Aus einer belebten Gasse im Zürcher Niederdorf, wo Touristen schlendern und Fondue essen, tritt man durch einen dunklen Hauseingang – und gelangt in den «schwarzen Garten».
Eine grosse Esche überdacht den grünen Flecken. Die Sonne erreicht ihn nur von Mitte Mai bis Mitte August.
Gottfried Keller verbrachte seine Kindheit in einem benachbarten Haus und konnte von seiner Dachkammer in den Garten blicken. Später hat er diesen Garten in «Der grüne Heinrich» beschrieben.
«Der grüne Henry» heisst daran angelehnt der Kunstparcours, der durch Gottfried Kellers Zürich führt. Der «schwarze Garten» ist die erste Station.
Kaum jemand kennt den Weg zum Garten
An einer Wand hängt die Skulptur einer Wurzel: Eine Luftwurzel als Sinnbild für den jungen Keller, der darum ringt, Fuss zu fassen, im richtigen Ausdrucksmedium – Kunst oder Literatur.
Keller wäre gerne bildender Künstler geworden, doch daraus wurde nichts. Dafür war er erfolgreich darin, sein Scheitern im Roman «Der grüne Heinrich» zu verarbeiten.
Der Garten ist ein verwunschener Ort. Viele Zürcher würden von seiner Existenz wissen, erzählt eine langjährige Anwohnerin aus einem Lautsprecher, aber sie wüssten weder wo er sei, noch woher sein Name komme.
Hommage aus Knete und Folie
Der Parcours führt an Orte, die sonst nicht einfach so zugänglich sind. Etwa ins Zunfthaus zur Meisen, in dem Gottfried Keller manch feucht-fröhlichen Abend verbrachte.
In einem grossen, holzverkleideten Saal mit prächtiger Stuckdecke zeichnet eine Videoinstallation zwei mit Folie und Knete überlagerte Frauenporträts an die Wand: eine Anspielung auf die beiden Frauenfiguren Anna und Judith im Roman «Der Grüne Heinrich».

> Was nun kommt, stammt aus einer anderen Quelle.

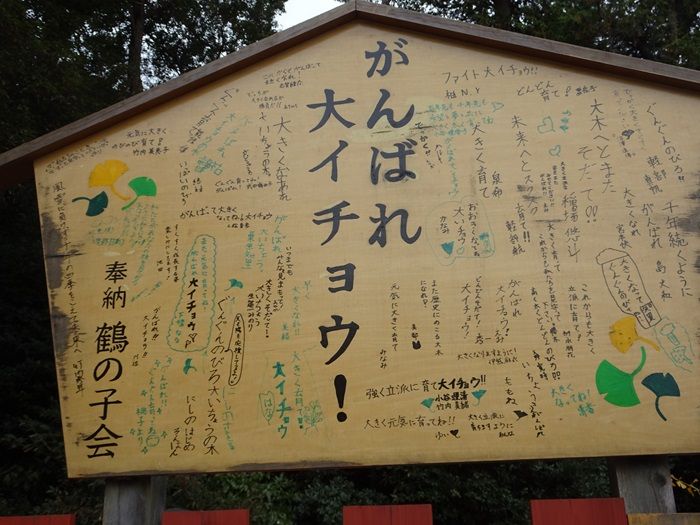 「がんばれ大イチョウ」の木札には子供達の様々な想いの書き込みが。

In den Künstlerroman selbst kann man sich an mehreren Stationen einklinken: Männer, Frauen und Jugendlichen lesen ihn vor – manche mehr, manche weniger talentiert. 48 Stunden dauert die gesamte Lesung.
Ohne Geduld geht's nicht
Nach einer Zwischenstation in der Zentralbibliothek, wo Kellers Nachlass verwahrt wird, geht es mit dem Bus weiter.
Zum ersten Mal wird klar, dass es viel Zeit und auch ein wenig Geduld fordert, den Parcours in einem Durchgang zu absolvieren – gerade für ortsfremde Besucherinnen und Besucher.
In der Wohnung des Kunstmalers
Manchmal gerät «Der grüne Henry» zu einer etwas uneinheitlichen Mischung aus Stadtrundgang, Schnitzeljagd, Lesemarathon und zeitgenössischer Kunst.
Doch immer wieder wird man für den Aufwand belohnt. Etwa im Garten des Ateliers des Kunstmalers Arnold Böcklin. Bei ihm war Keller oft zu Besuch.
Eine kleine Oase. Auf der Veranda hängt ein Wandteppich der Künstlerin Isabelle Krieg. Sie hat sämtliche Farbadjektive des «Grünen Heinrich» rausgesschrieben – eine grosse Menge. Diese Farben hat sie in der Reihenfolge des Romans zu einem farbigen Teppich verwebt.
Eine Fleissarbeit, die verzaubert. Verzaubert durch seine Übersetzungsleistung: Der Roman wird in einen Teppich verwandelt – und so wird Gottfried Kellers Wunsch, ein Künstler zu werden, ein spätes Denkmal geschaffen.